Fire Flowers

Written by Ben Byrne
Review by Cecelia Holland

“Two yankii sailors—enormous black men in flapping white trousers with tiny hats perched on the tops of their heads—were strolling amongst the clapboard stalls and counter of the Ueno Sunshine Market. I was quietly stalking them—Captain Takara, First Ghost Army. I’d collected half a dozen long cigarette butts already, and one of the sailors was about to fling another to the ground.”

Hiroshi Takara is one of several orphaned children fighting to survive in the ruins of Japan after the war, the fire flowers who Ben Byrne displays in this deeply felt and well-observed novel. Searching for cigarette butts, pretending to be glorious heroes, fighting and loving and sick and occasionally joyful, the children live out the tensions of the occupation, the collapse of values in a handful of moldering vegetable peelings, hope in a plum blossom.

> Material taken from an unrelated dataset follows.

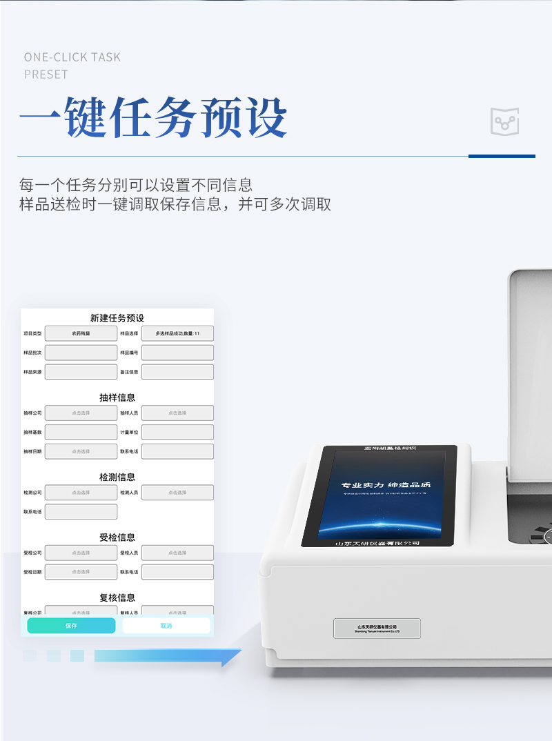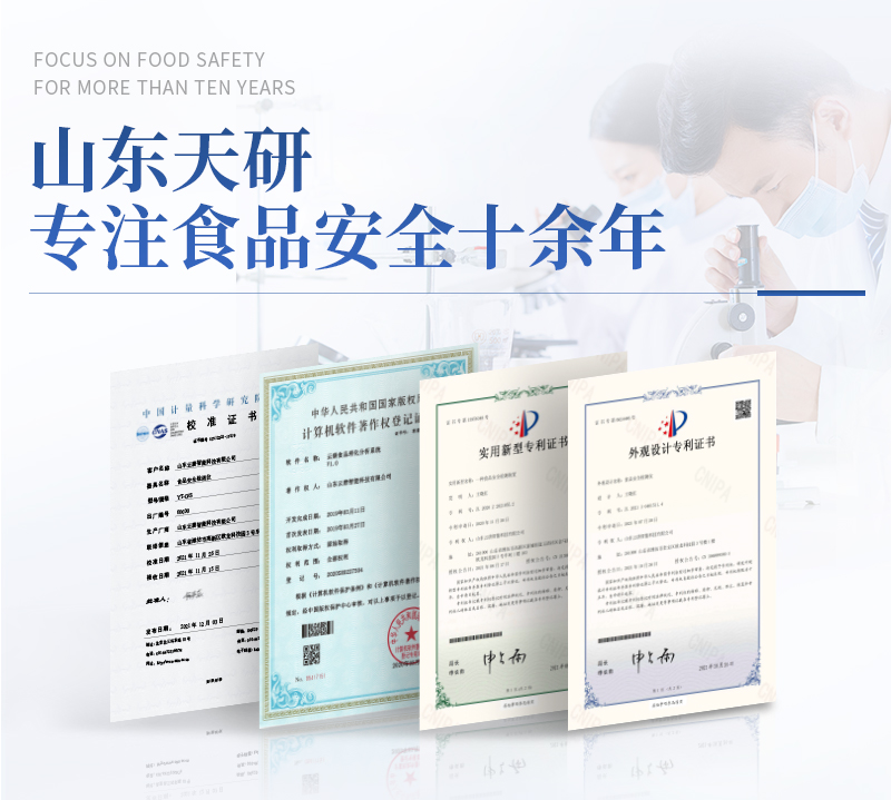 | 儀器采用臺式一體化系統(tǒng)檢測技術(shù),將分光光度模塊、數(shù)字化管理模塊、無線通訊模塊高度集成于一體,可支持檢測60種食品安全檢測項(xiàng)目,同時預(yù)留升級檢測方法。 | 儀器檢測模塊標(biāo)準(zhǔn)化、智能化,檢測項(xiàng)目可隨意自由組合。檢測箱體內(nèi)置多個標(biāo)準(zhǔn)檢測單元,檢測模塊可以調(diào)整配置。 | 顯示屏幕:儀器采用10.1英寸豎向液晶觸摸屏顯,搭配運(yùn)行安卓智能操作系統(tǒng),主控芯片采用ARM Cortex-A7,RK3288/4核處理器,主頻1.88Ghz,操作方便,性能更強(qiáng)。 | 檢測通道:≥12通道;采用精密旋轉(zhuǎn)比色池設(shè)計,使用同芯片同光源校準(zhǔn)精度,解決不同光源之間的誤差值,更加準(zhǔn)確**。(1-12通道間誤差0.1%,**號:ZL202022821055.2) | 儀器光源:高精度進(jìn)口四波長冷光源,每個通道均配置 410、520、590、630nm 波長光源,標(biāo)配**的光路切換裝置,**光路切換功能可實(shí)現(xiàn)64波長,并且所有檢測項(xiàng)目可實(shí)現(xiàn)所有通道同時檢測。 | 設(shè)備可一鍵校準(zhǔn),自動保存校準(zhǔn)數(shù)據(jù),自動對比校驗(yàn),得到精準(zhǔn)光源,采用Android SP存儲數(shù)據(jù),光源數(shù)據(jù)永不丟失,方便每一次使用。 | 通訊接口:配備無線通信模塊、4G(APN)通訊模塊、藍(lán)牙傳輸,同時具有雙USB接口以及RJ45網(wǎng)線接口,可以多方式實(shí)現(xiàn)數(shù)據(jù)保存及數(shù)據(jù)傳輸。 | 存儲方式:支持U盤存儲,標(biāo)準(zhǔn)USB接口,免驅(qū)動安裝。檢測結(jié)果存儲容量20萬條以上,可生成Excel表格進(jìn)行拷貝,并具有登錄保護(hù)功能。 | 智能化操作系統(tǒng): | 1、操作系統(tǒng):儀器可在同一檢測界面自動對應(yīng)相關(guān)檢測通道,一次性選擇1-12個樣品名稱,無需退出界面,節(jié)省操作時間。并可以對每個通道屬性和樣品信息單獨(dú)進(jìn)行編輯,例如送檢單位、人員,檢測人員等,打印時勾選打印顯示。 | 2、數(shù)據(jù)集成系統(tǒng):設(shè)備首頁自動匯總分析檢測數(shù)據(jù),包含:周檢測數(shù)據(jù)、月檢測數(shù)據(jù),全部檢測總數(shù)量,均包含檢測總數(shù),合格數(shù),不合格數(shù),以及相關(guān)柱形分析圖,各項(xiàng)檢測數(shù)據(jù)一目了然,無需電腦查詢,更加快捷直觀。 | 3、數(shù)據(jù)庫系統(tǒng):十幾項(xiàng)數(shù)據(jù)庫分類管理儀器:包含項(xiàng)目類型、項(xiàng)目數(shù)據(jù)、檢測數(shù)據(jù)、歷史記錄、國標(biāo)信息、曲線信息、采樣信息、檢測信息、受檢信息、復(fù)核信息、圖表信息、光源校準(zhǔn)信息、打印樣式信息、樣品庫信息等等,數(shù)據(jù)庫之間互相協(xié)調(diào)聯(lián)動保證數(shù)據(jù)的真實(shí)完整性。同時產(chǎn)品數(shù)據(jù)庫以及歷史檢測記錄支持一鍵檢索功能。 | 4、限量規(guī)判系統(tǒng):具有限量查詢、添加物質(zhì)合規(guī)判定系統(tǒng)。檢測出結(jié)果后,系統(tǒng)自動調(diào)用系統(tǒng)數(shù)據(jù)庫中相關(guān)國標(biāo)進(jìn)行比對判定,客觀顯示判定結(jié)果是否合格。 | 5、項(xiàng)目預(yù)設(shè)系統(tǒng):儀器具有任務(wù)預(yù)設(shè)模塊,一鍵提前預(yù)設(shè),給出方便快捷的新檢測方案,每一個任務(wù)分別可以設(shè)置不同的樣品、批次、編號、來源、備注、抽樣信息、檢測信息、受檢信息、復(fù)核信息等更多信息。樣品送檢時一鍵調(diào)取保存信息,并可多次調(diào)取,大大提高檢測效率。 | 6、數(shù)據(jù)監(jiān)管系統(tǒng):同步對接監(jiān)管平臺,數(shù)據(jù)可局域網(wǎng)和互聯(lián)網(wǎng)數(shù)據(jù)上傳,檢測結(jié)果可選擇直接傳至食品安全監(jiān)管平臺。進(jìn)行區(qū)域食品安全監(jiān)管及大數(shù)據(jù)分析處理與數(shù)據(jù)統(tǒng)計,檢測區(qū)域食品安全長短期動態(tài),達(dá)到食品安全問題預(yù)估、預(yù)警。 | 7.1、全新打印系統(tǒng):內(nèi)置全新打印機(jī),新創(chuàng)自定義打印方式,可按需靈活勾選控制:二維碼,抽樣信息、檢測信息,受檢信息、復(fù)核信息、抽樣日期、檢測日期等信息的打印。 | 7.2、A4紙版本報告打印功能(可選配):設(shè)備擁有兩種結(jié)果展示方式,可以自動生成A4打印模板和小票打印模板兩種樣式,可通過WiFi及網(wǎng)線等方式鏈接外置打印機(jī)可進(jìn)行打印。 | 8.供電模式:儀器交直流兩用,直流12V供電,可連接車載電源,可配6ah大容量充電鋰電池,電量可實(shí)時顯示,方便戶外流動測試。 | 9.儀器具備遠(yuǎn)程升級功能,可定向分客戶分儀器更新,開機(jī)后自動更新,并可持續(xù)性免費(fèi)更新系統(tǒng)版本,無需像傳統(tǒng)產(chǎn)品返廠更新,節(jié)省時間及人力成本并避免了物流運(yùn)輸返廠升級導(dǎo)致設(shè)備損壞的潛在風(fēng)險。 |

The Americans are less sympathetic. A side plot with an American narrator concerns the occupying government’s efforts to hide the effects of the Hiroshima bombing from the world. Byrne’s graphic descriptions of the bombing and the cynical, brutal reactions of the military clash hard with the poignant lives of the children, highlighting both their frailty and their moral endurance.

The novel is not perfect. Byrne shifts narrators from chapter to chapter, and his decision to use the first person for all his characters is confusing, to say the least. But the effort to inhabit this culture at its moment of extremity is engrossing. Fire Flowers is the fruit of an American imagination at its best.